Tuesday, August 20, 2013

Bums, An Oral History of the Brooklyn Dodgers - Book Review

I used to cut class in high school - but only when there was a substitute teacher of course.  What I used to do is go to the back corner of the library and read the sports books during this unexpectedly free period.  One of the books that I remembered even after all of these years was Peter Golenbock's Bums.

The oral history format is a difficult one to do well.  Oral histories often sound campy and rehearsed, or they are all hyperbole and serve as platforms for stating the obvious (Jackie Robinson was great, Duke Snider swatted lots of homers).  Bums is different and wonderful because it shows, in the words of the people involved, what happened in the Dodger years from about 1900 to their last season in Brooklyn, 1957.

Golenbock has the players words interspersed with commentary on the information presented.  It is a good mix of prose and interview material on a topic any serious baseball fan would find appealing.  Bums originally came out in 1984, when many of the players on the 40's and 50's Dodgers were still alive.  He also includes the men who wrote for the local papers as well as a few people who were around the team - executives, employees and fans.

Naturally one of the most interesting parts of the book is the section on the breaking of the color barrier spurred by Branch Rickey and Jackie Robinson.  The behind the scenes information told by Jackie Robinson's widow Rachel Robinson, and Happy Chandler (former MLB commissioner - whose actions supporting Rickey cost him his job) is unique and not widely known.  Jackie Robinson's first season was the one with the 'no fighting back' policy and the pressure to conform to this Rickey rule had to have been astronomical.  The back office pressure provided by the other owners on Commissioner Chandler was intense.  They voted to not allow Robinson to break the barrier, and when Chandler gave Rickey the green light to allow Robinson to play, the owners didn't renew Chandler's contract and he was out.  The owners never had more than a puppet commissioner after that.

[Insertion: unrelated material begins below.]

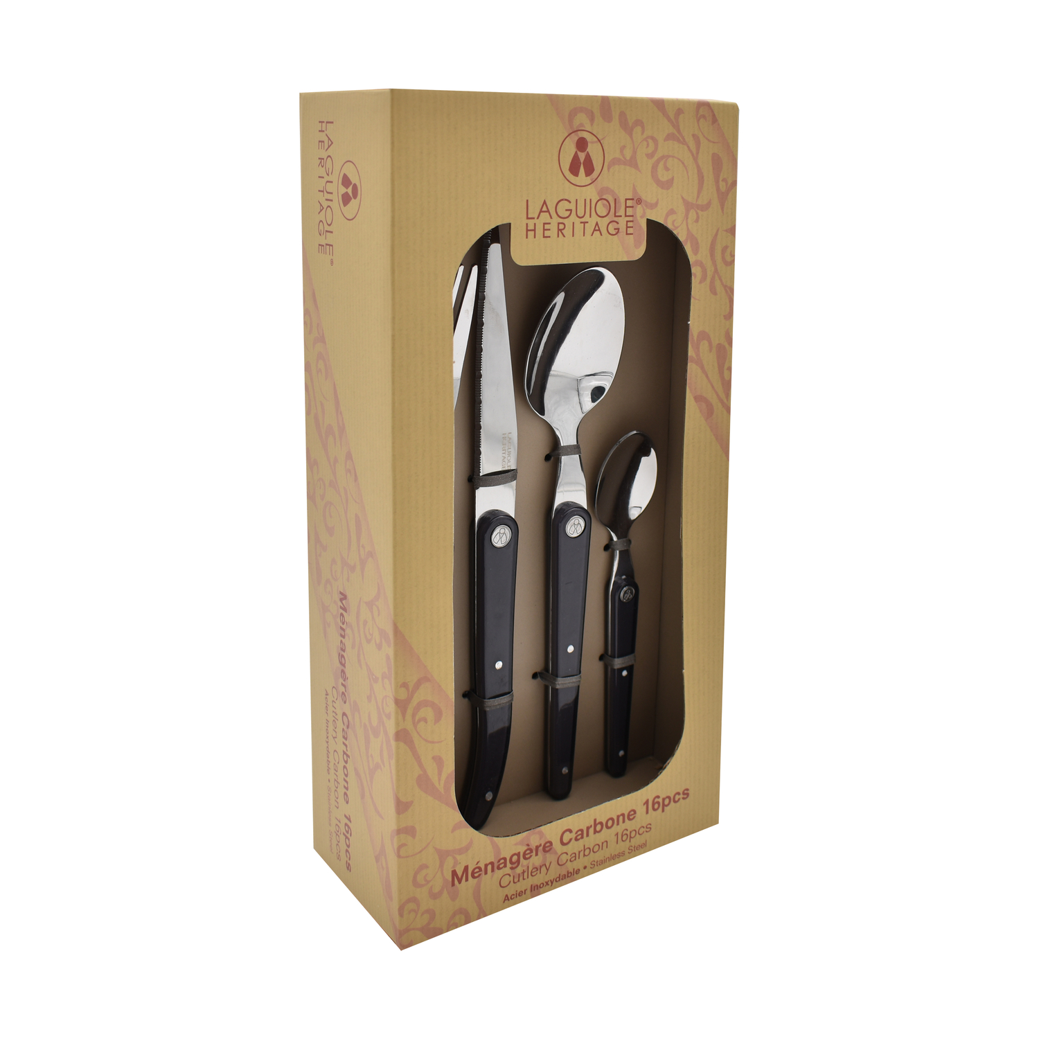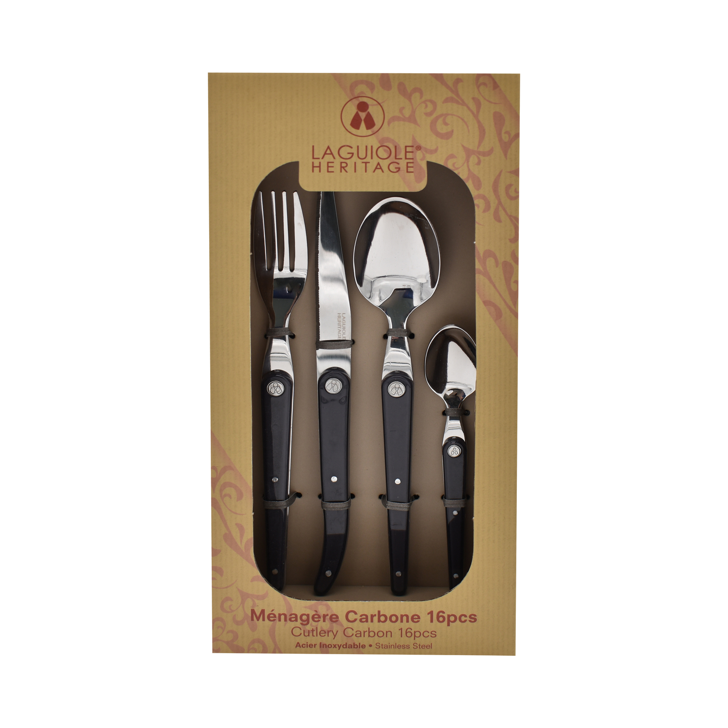CARBONE ELEGANT :Chaque pièce arbore un design moderne avec une finition carbone, apportant un style sophistiqué à votre table.
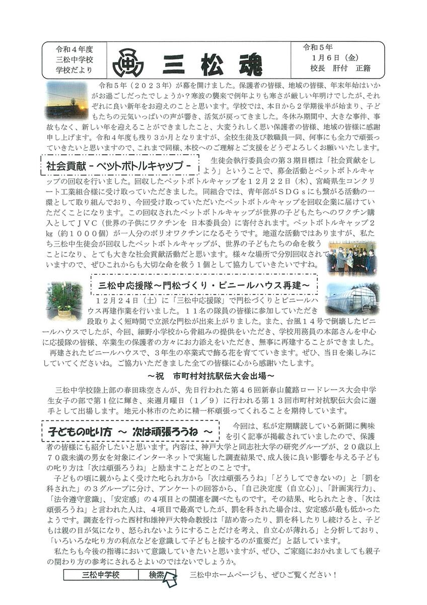 学校だより「三松魂」令和5年1月6日号を発行しました。

Jackie aslo had a prickly personality, and was not loved by the other players.  Apparently he was aloof and difficult to get along with.  Later on he became intensely political, supporting Republican Richard Nixon, and this turned off many of his former teammates - not because of his allegiance, but because he was unwilling to talk about anything else.  It is this type of non mainstream information that is the gold that is sprinkled throughout the book.  Also lost in the Robinson mystique is how fantastic an athlete Jackie was, and how skilled a second baseman he was.  Bill James gives him due credit in his Historical Baseball Abstract, but rarely does one see in print quality analysis of Robison's skill as a player.  Even the players who were not Robinson fans per se recognized his hall of fame ability on the field.  Bums provides much of the heretofore unseen backstory.

The Dodgers have had a rich history.  Their tenure in Brooklyn sounds like it was one of the aspects of an older, non corporate New York City that was even more rabid for baseball.  Bums covers a lot of ground:  What happened to Karl Spooner - comes up as a left handed 23 year old and pitches two games, both complete game shutouts with 27 strikeouts in 18 innings?  What did Sandy Koufax do in Brooklyn - and why was he so invisible during his time there?  Who were the Daffiness Boys and Uncle Robbie?  Why is Walter O'Malley vilified when his actions are justifiably those of a smart businessman?  Why are they called the Dodgers in the first place?

These questions get answers, the history gets an honest look (this is not hagiography) and the prose is smooth and detailed.  I understand, 23 years later, why Bums stayed in my memory.


The heart of the 1957 Dodger lineup, the final year in Brooklyn.